:: INSTRUCTIONS FOR THE TASK ::
Every record should be written out exactly, with the pictures left out.

:: SOURCE RECORDS ::
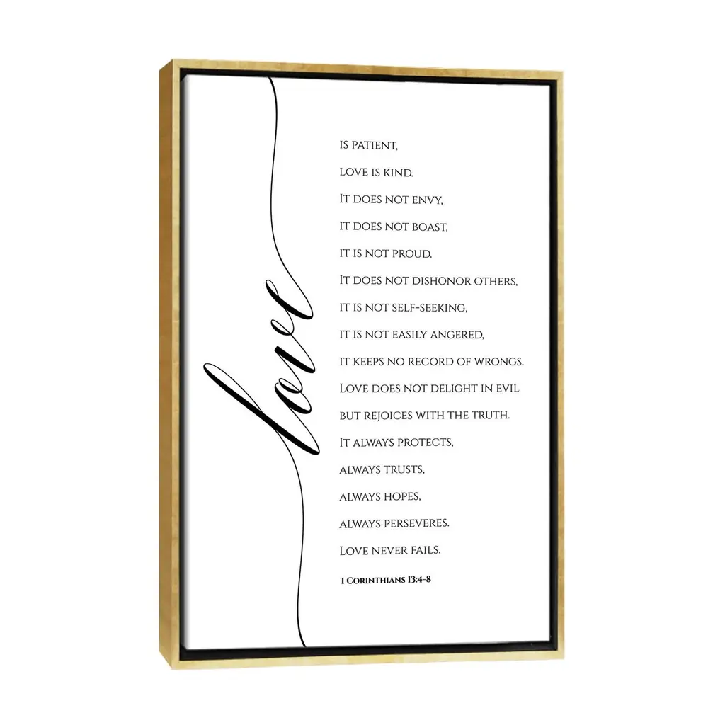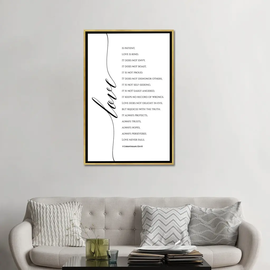 Icanvas "Love Is Patient, Love Is Kind, 1 Corinthians 13-4-8" By Eden Printables Framed Canvas Print - Black - 26x18
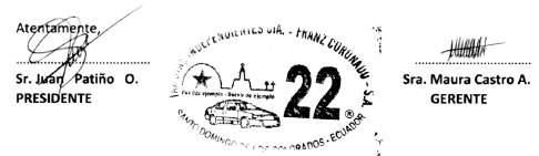 De conformidad con las normas de la LEY DE COMPAÑÍAS Y DEL ESTATUTO SOCIAL, se convoca a los señores accionistas de la COMPAÑÍA DE TAXIS “FRANZ CORONADO” S.A. N.-22 a la JUNTA GENERAL EXTRAORDINARIA, que tendrá lugar en el Complejo de la Compañía “Las Macadamias” ubicada en la Vía Quevedo Km. 6 1/2 entrada a Puerto Limón, para el día Viernes 06 de Junio del 2025 a las 10h:00 a.m. (Diez de la mañana), para tratar el siguiente orden del día:
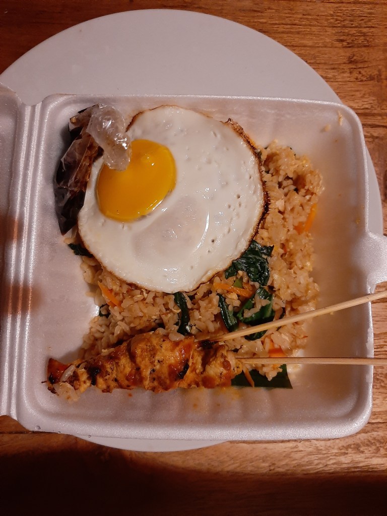 There are some Warungs who share the small beach, we choose one for lunch. Anyway, they offer almost the same service. We paid 60,000 Rp (4 €) for 2 noodle and a Bintang: We find again the attractive prices of Bali after Gili 🙂
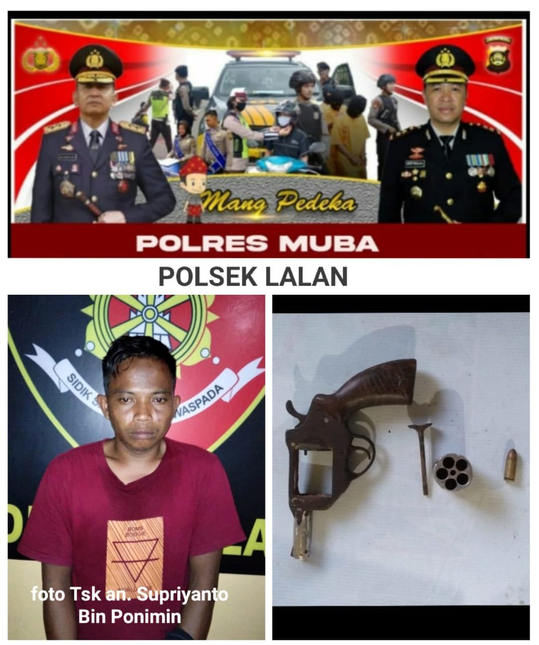 Kapolres Muba AKBP Erlin Tangjaya, SH, SIK melalui Kapolsek Lalan Iptu Junardi kepada KRSumsel.com, Selasa (03/11/2020) mengatakan. Penangkapan berawal dari laporan masyarakat tentang adanya seseorang yang membawa senjata api ilegal.
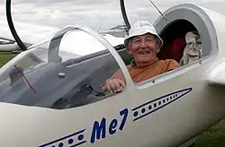 In addition he had success as a competition glider pilot winning three regional championships, was the UK National aerobatic glider champion in 1961, and set several national gliding records including the single-seat altitude record of over 25,000 feet (7,600 m) in an active thunderstorm in a Slingsby Skylark. He holds the FAI Diamond Badge. In 2003 at the age of 81, he completed a 505 km (314 mi) task in a Fedorov Me7 Mechta glider with only a 12.7 m (42 ft) span in a national competition in a time of 7hr 14min. (Several much younger pilots with superior machines failed to complete this task). He ceased regularly flying gliders solo in December 2012 but had one last Hurrah in an EoN Baby at Lyveden in August 2013, and ceased holding a Private Pilot Licence (PPL).
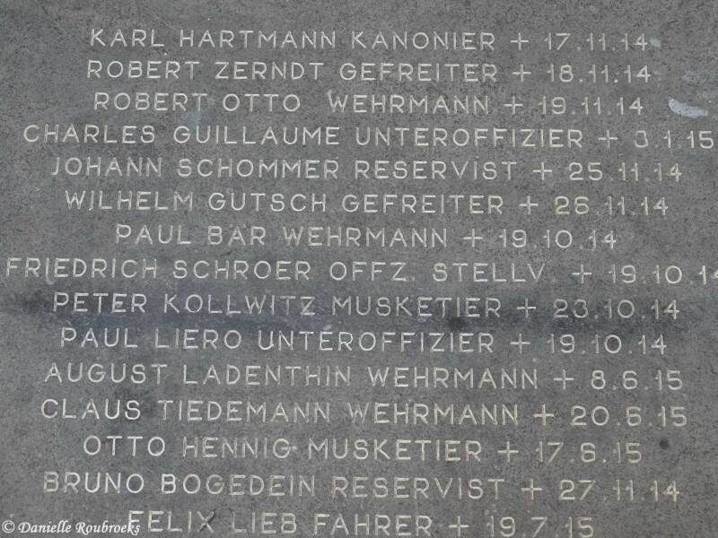 The cemetery also contains a pair of statues – The Grieving Parents – by Käthe Kollwitz, a noted German sculptress. She made the statues in the 1930s as a tribute to her youngest son, Peter, who was killed in October 1914 and is buried in the cemetery. The eyes on the father-figure gaze on the ninth stone before him, on which Kollwitz’s son's name is written.
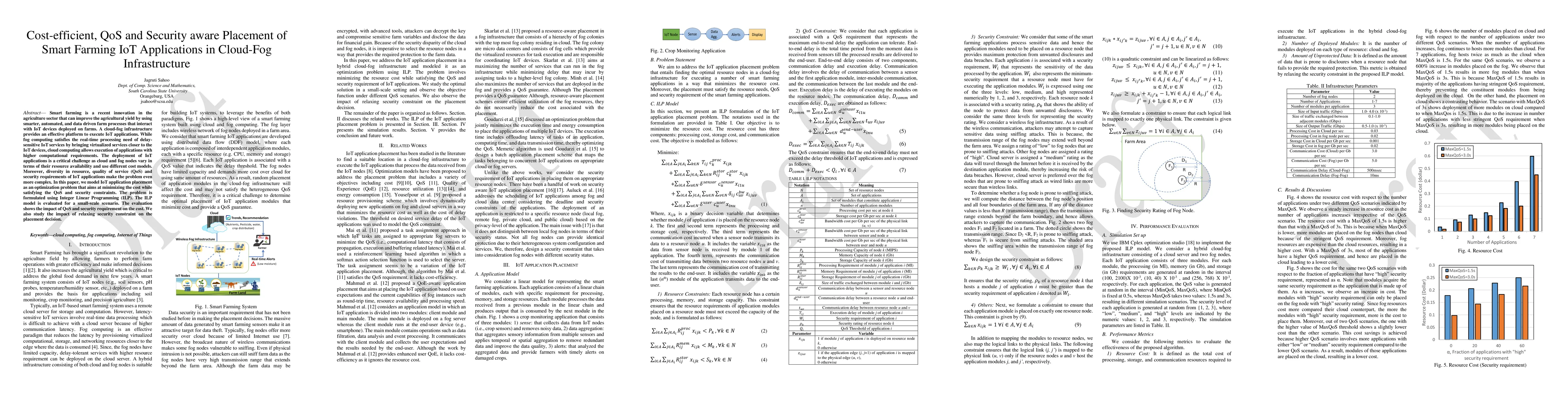 This paper proposes an optimization model using Integer Linear Programming (ILP) to efficiently place smart farming IoT applications in a cloud-fog infrastructure, balancing cost, QoS, and security constraints. The evaluation demonstrates the influence of QoS and security on cost and explores the effects of relaxing security requirements on application placement.
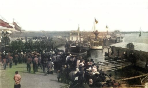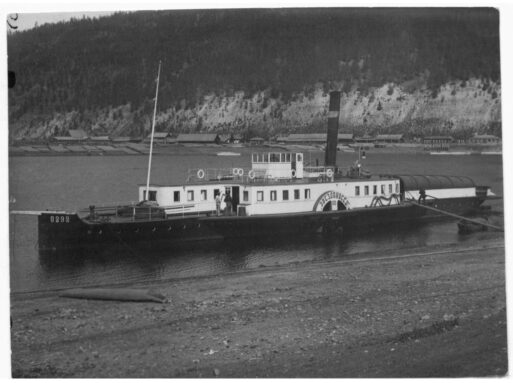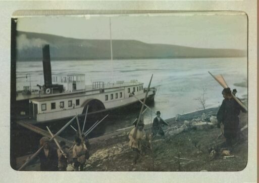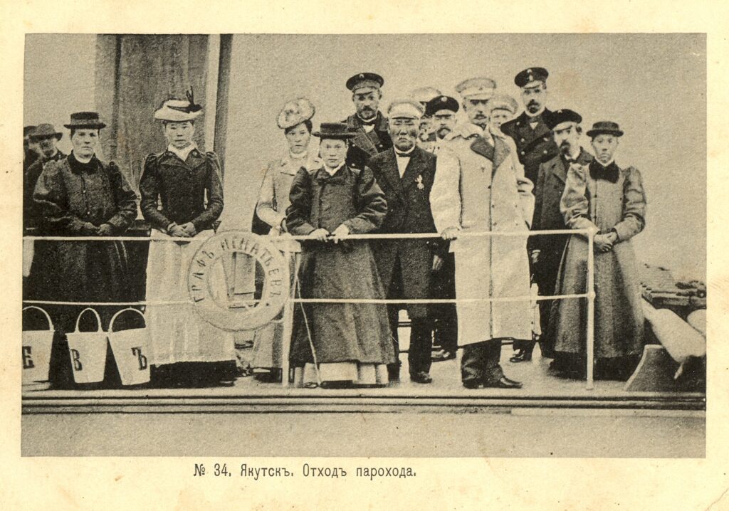 Большая удача, что фотограф попросил людей на фотографии встать таким образом, что в кадр попал спасательный круг — это сразу дает нам название парохода, что отходит от города Якутска: «Граф Игнатьев».
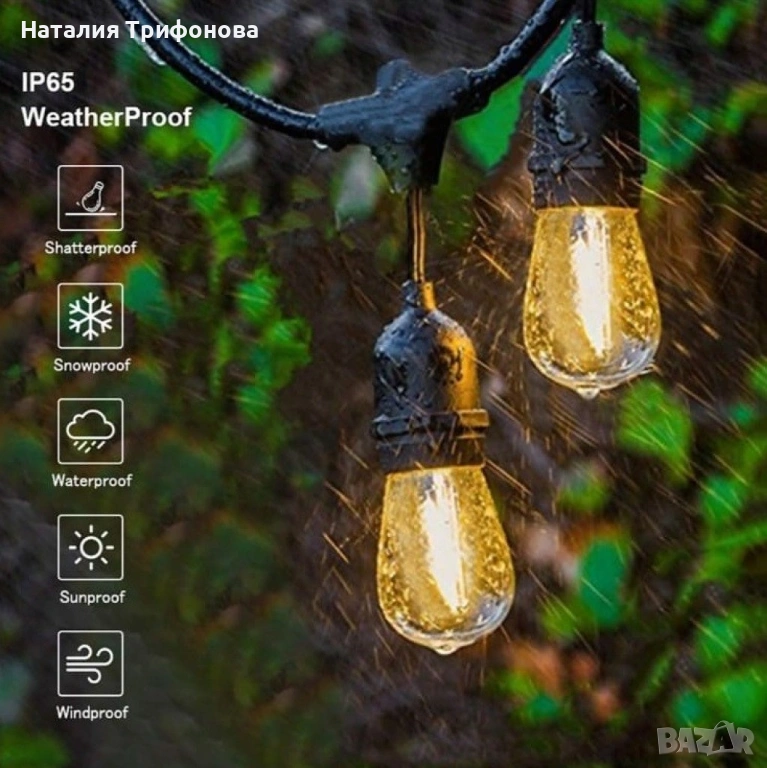 Водоустойчив гирлянд за външно осветление с 10 броя LED крушки
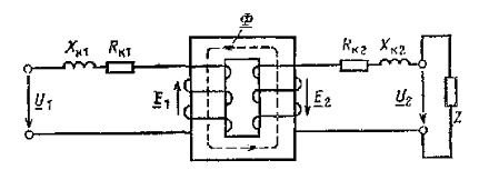 Здесь Rk1, Rk2 - активные сопротивления обмоток катушек; Xk1,Xk2 - индукционные сопротивления обмоток, обусловленные потоками рассеяния.
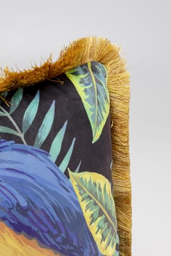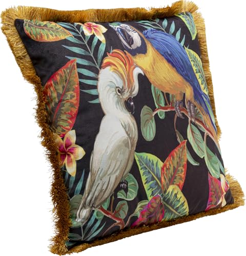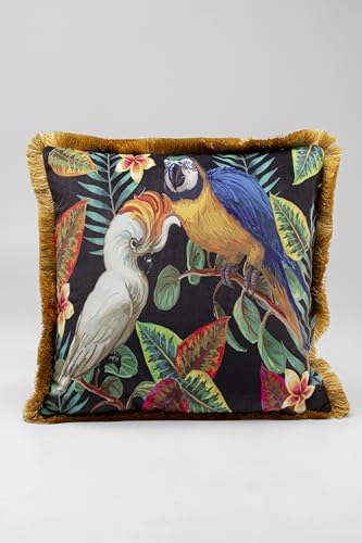 Kare Design Kissen Birds Paradise, Mehrfarbig, Papageien Motiv, Samtoptik, mit Fransen, Zierkissen mit Füllung, Dekokissen mit Reißverschluss, Sofakissen, 45x45cm (L/B)
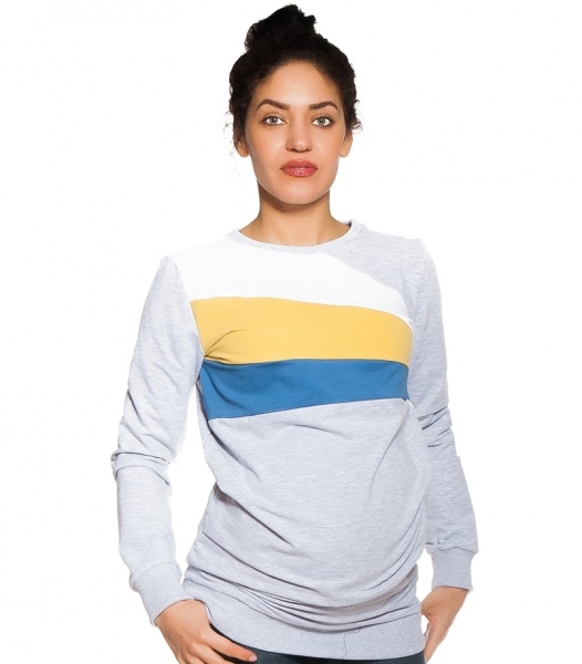 Těhotenská/kojící mikina Delana s výraznými pruhy. Všechny maminky ocení tuto mikinu nejen v době těhotenství, ale i v době kojení. Vhodná od jara do podzimu. Díky speciálnímu střihu zajistí pohodlné a diskrétní kojení. Asymetrické, výrazné pruhy krásně vynikají. Materiál: Bavlna 92%, Elasten 8%...
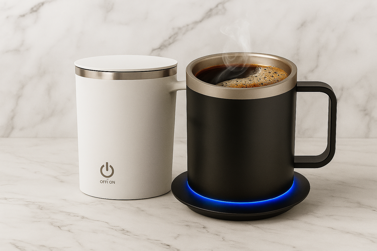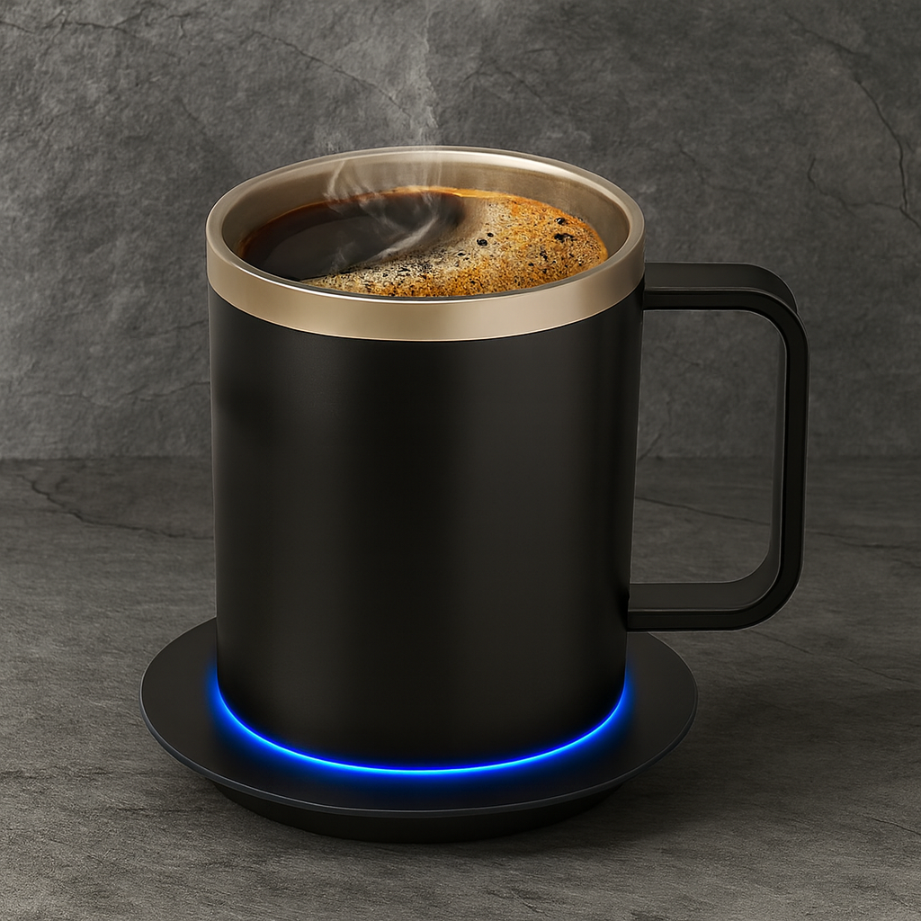 Self heating mug, temperature-controlled mug designed for coffee, tea, hot cocoa, and other everyday beverages.

:: ANSWER FOR THE TASK ::
 Icanvas "Love Is Patient, Love Is Kind, 1 Corinthians 13-4-8" By Eden Printables Framed Canvas Print - Black - 26x18
 De conformidad con las normas de la LEY DE COMPAÑÍAS Y DEL ESTATUTO SOCIAL, se convoca a los señores accionistas de la COMPAÑÍA DE TAXIS “FRANZ CORONADO” S.A. N.-22 a la JUNTA GENERAL EXTRAORDINARIA, que tendrá lugar en el Complejo de la Compañía “Las Macadamias” ubicada en la Vía Quevedo Km. 6 1/2 entrada a Puerto Limón, para el día Viernes 06 de Junio del 2025 a las 10h:00 a.m. (Diez de la mañana), para tratar el siguiente orden del día:
 There are some Warungs who share the small beach, we choose one for lunch. Anyway, they offer almost the same service. We paid 60,000 Rp (4 €) for 2 noodle and a Bintang: We find again the attractive prices of Bali after Gili 🙂
 Kapolres Muba AKBP Erlin Tangjaya, SH, SIK melalui Kapolsek Lalan Iptu Junardi kepada KRSumsel.com, Selasa (03/11/2020) mengatakan. Penangkapan berawal dari laporan masyarakat tentang adanya seseorang yang membawa senjata api ilegal.
 In addition he had success as a competition glider pilot winning three regional championships, was the UK National aerobatic glider champion in 1961, and set several national gliding records including the single-seat altitude record of over 25,000 feet (7,600 m) in an active thunderstorm in a Slingsby Skylark. He holds the FAI Diamond Badge. In 2003 at the age of 81, he completed a 505 km (314 mi) task in a Fedorov Me7 Mechta glider with only a 12.7 m (42 ft) span in a national competition in a time of 7hr 14min. (Several much younger pilots with superior machines failed to complete this task). He ceased regularly flying gliders solo in December 2012 but had one last Hurrah in an EoN Baby at Lyveden in August 2013, and ceased holding a Private Pilot Licence (PPL).
 The cemetery also contains a pair of statues – The Grieving Parents – by Käthe Kollwitz, a noted German sculptress. She made the statues in the 1930s as a tribute to her youngest son, Peter, who was killed in October 1914 and is buried in the cemetery. The eyes on the father-figure gaze on the ninth stone before him, on which Kollwitz’s son's name is written.
 This paper proposes an optimization model using Integer Linear Programming (ILP) to efficiently place smart farming IoT applications in a cloud-fog infrastructure, balancing cost, QoS, and security constraints. The evaluation demonstrates the influence of QoS and security on cost and explores the effects of relaxing security requirements on application placement.
 Большая удача, что фотограф попросил людей на фотографии встать таким образом, что в кадр попал спасательный круг — это сразу дает нам название парохода, что отходит от города Якутска: «Граф Игнатьев».
 Водоустойчив гирлянд за външно осветление с 10 броя LED крушки
 Здесь Rk1, Rk2 - активные сопротивления обмоток катушек; Xk1,Xk2 - индукционные сопротивления обмоток, обусловленные потоками рассеяния.
 Kare Design Kissen Birds Paradise, Mehrfarbig, Papageien Motiv, Samtoptik, mit Fransen, Zierkissen mit Füllung, Dekokissen mit Reißverschluss, Sofakissen, 45x45cm (L/B)
 Těhotenská/kojící mikina Delana s výraznými pruhy. Všechny maminky ocení tuto mikinu nejen v době těhotenství, ale i v době kojení. Vhodná od jara do podzimu. Díky speciálnímu střihu zajistí pohodlné a diskrétní kojení. Asymetrické, výrazné pruhy krásně vynikají. Materiál: Bavlna 92%, Elasten 8%...
 Self heating mug, temperature-controlled mug designed for coffee, tea, hot cocoa, and other everyday beverages.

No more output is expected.